Multiple cell death modalities may coexist and interact during periodontitis, and exploring the similarities, differences, and interactions between different cell deaths may provide new research directions to understand the mechanisms of periodontitis pathophysiology. Therefore, the main objective of this study was to identify the expression pattern of the genes associated with necroptosis, pyroptosis, and ferroptosis in different cells present in the periodontium of periodontitis patients through bioinformatic analysis combining single-cell RNA (scRNA) and bulk sequencing data.
2 Materials and methods
2.1 Bulk sequencing data and microarray data processing
The GSE173078 dataset was taken from the gingival tissues of 12 periodontitis patients and 12 normal individuals. To obtain this data, the SRA file of the GSE173078 dataset was downloaded in Linux using the prefetch command. We used the trim-galore command to remove low-quality bases and adapters for quality control, followed by transcriptome data comparison and featureCount for data quantification using Hisat2, and finally, the count data was obtained (Kim et al., 2019).

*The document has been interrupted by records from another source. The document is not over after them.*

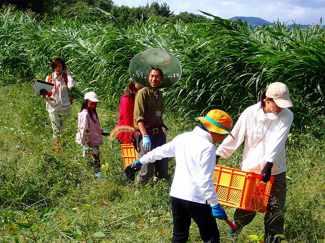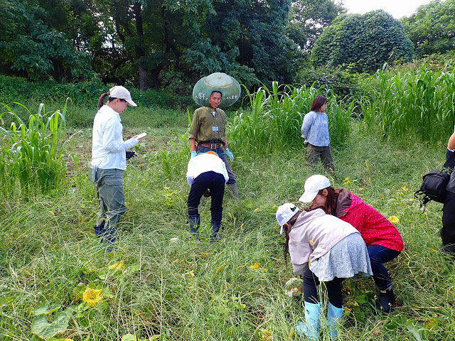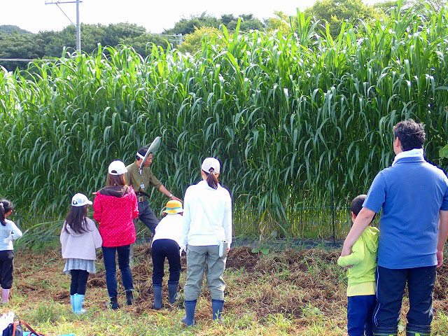 @ 畑の周りに植えた緑肥のソルガムは大きく成長し、畑の場所がわからないほどでした。実はこれは二ノ戸さんの作戦で、強い西日でかぼちゃが日焼けしないように、日よけの目的も兼ねているそうです。収穫後、ソルガムは畑にすき込まれ、緑肥の名のとおり土の養分になります。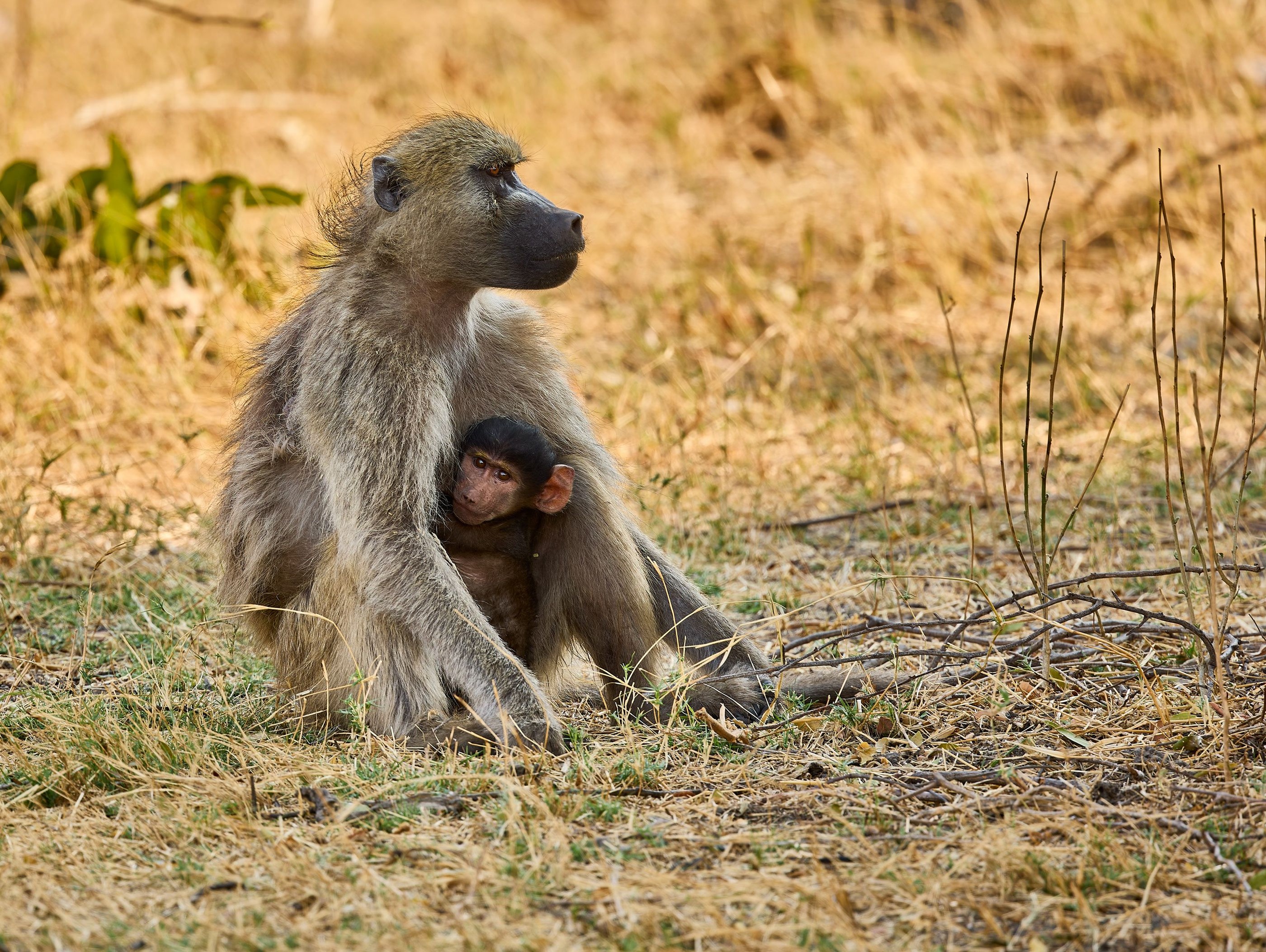 A fragile new life finds refuge in the embrace of its elders. Amidst the sun-bleached grass, the legacy continues, guarded by sharp instincts and the tender, primal pull of kinship.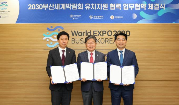이날 협약식에는 이성권 부산시 경제부시장, 윤상직 유치위원회 사무총장, 이갑 롯데지주 커뮤니케이션실장이 참석했다.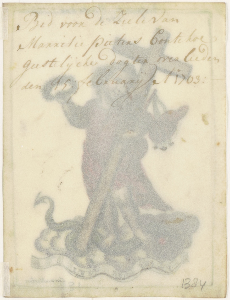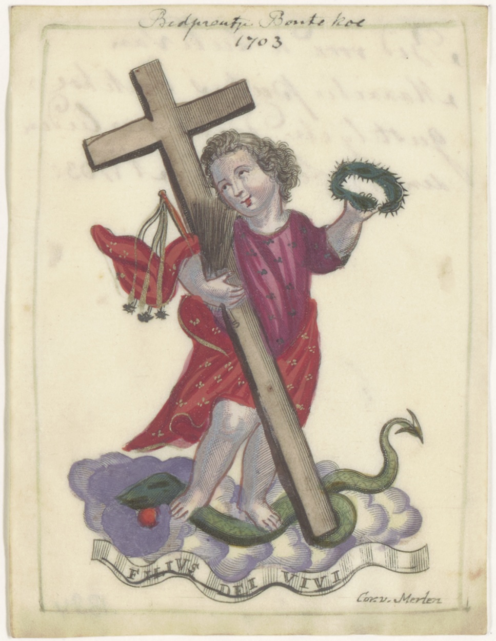 Christuskind met kruis, Filius dei Vivi, ingekleurd, kz. Religieus;Bid voor ziel Marietje Pieters Bontekoe;geestelijk dogter (+1703);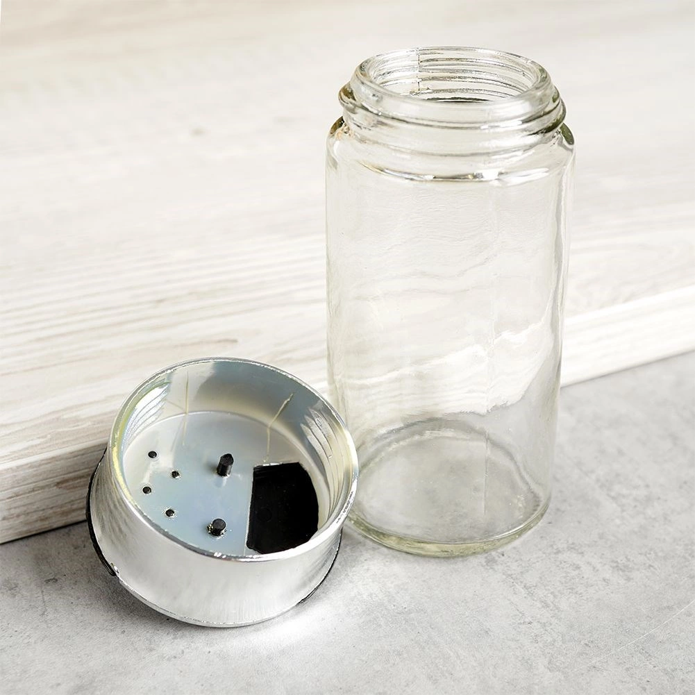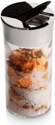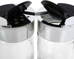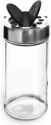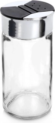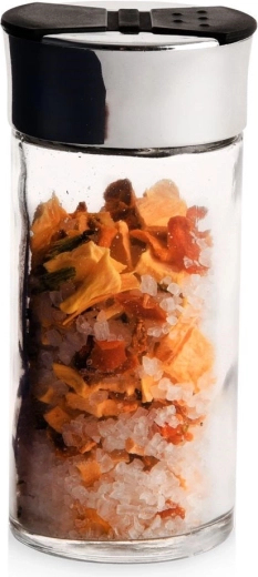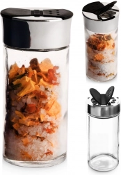 Praktická sklenená korenička s objemom 100 ml s dvojitým sitkom a flip viečkom pre ľahké dávkovanie korenín a byliniek. Vďaka priehľadnému sklu máte obsah vždy pod kontrolou, uzatvárateľné klapky zaistia dlhšiu čerstvosť a arómu. Štýlový doplnok do kuchyne aj gastronomických prevádzok.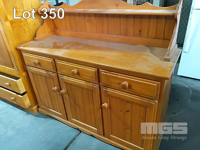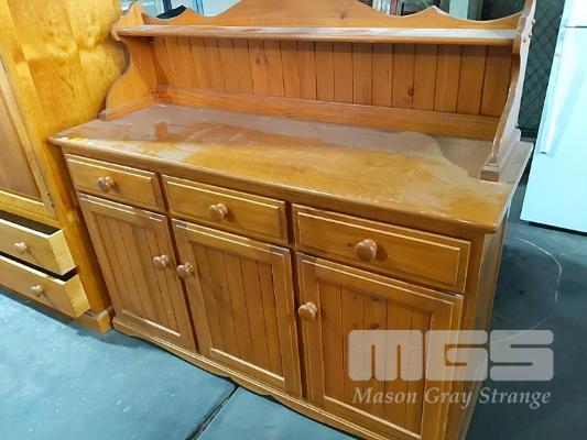 PINE BUFFET, 3 DOOR/DRAWER WITH OVERSHELF ON CASTOR WHEELS MELCHAIR FURNITURE, VICTORIA (NOTE: SPLIT TO CENTRAL DOOR)

The microarray dataset GSE10334 was used as an independent external validation dataset containing gingival tissue data from 63 cases of chronic periodontitis and 64 healthy individuals. The raw data of GSE10334 was downloaded from the GEO database using the GEOquery package (version 2.58.0) (Davis and Meltzer, 2007). According to the GEO database information, the quality control processing on the data was performed before uploading these data. Therefore, we directly used these data for further analysis.
Differentially expressed genes (DEGs) in the GSE10334 dataset were analyzed using a paired t-test using the limma R package (Ritchie et al., 2015), and DEGs in the GSE173078 dataset using the DESeq2 R package (Love et al., 2014). DEGs with adjusted p-value <.05 and |logFC >1| were considered significant genes. The volcano and heatmap were plotted using the ggplot2 package (version 3.3.5). All datasets participating in this study are listed in detail in Table 1.
TABLE 1. The enrolled datasets in the current study.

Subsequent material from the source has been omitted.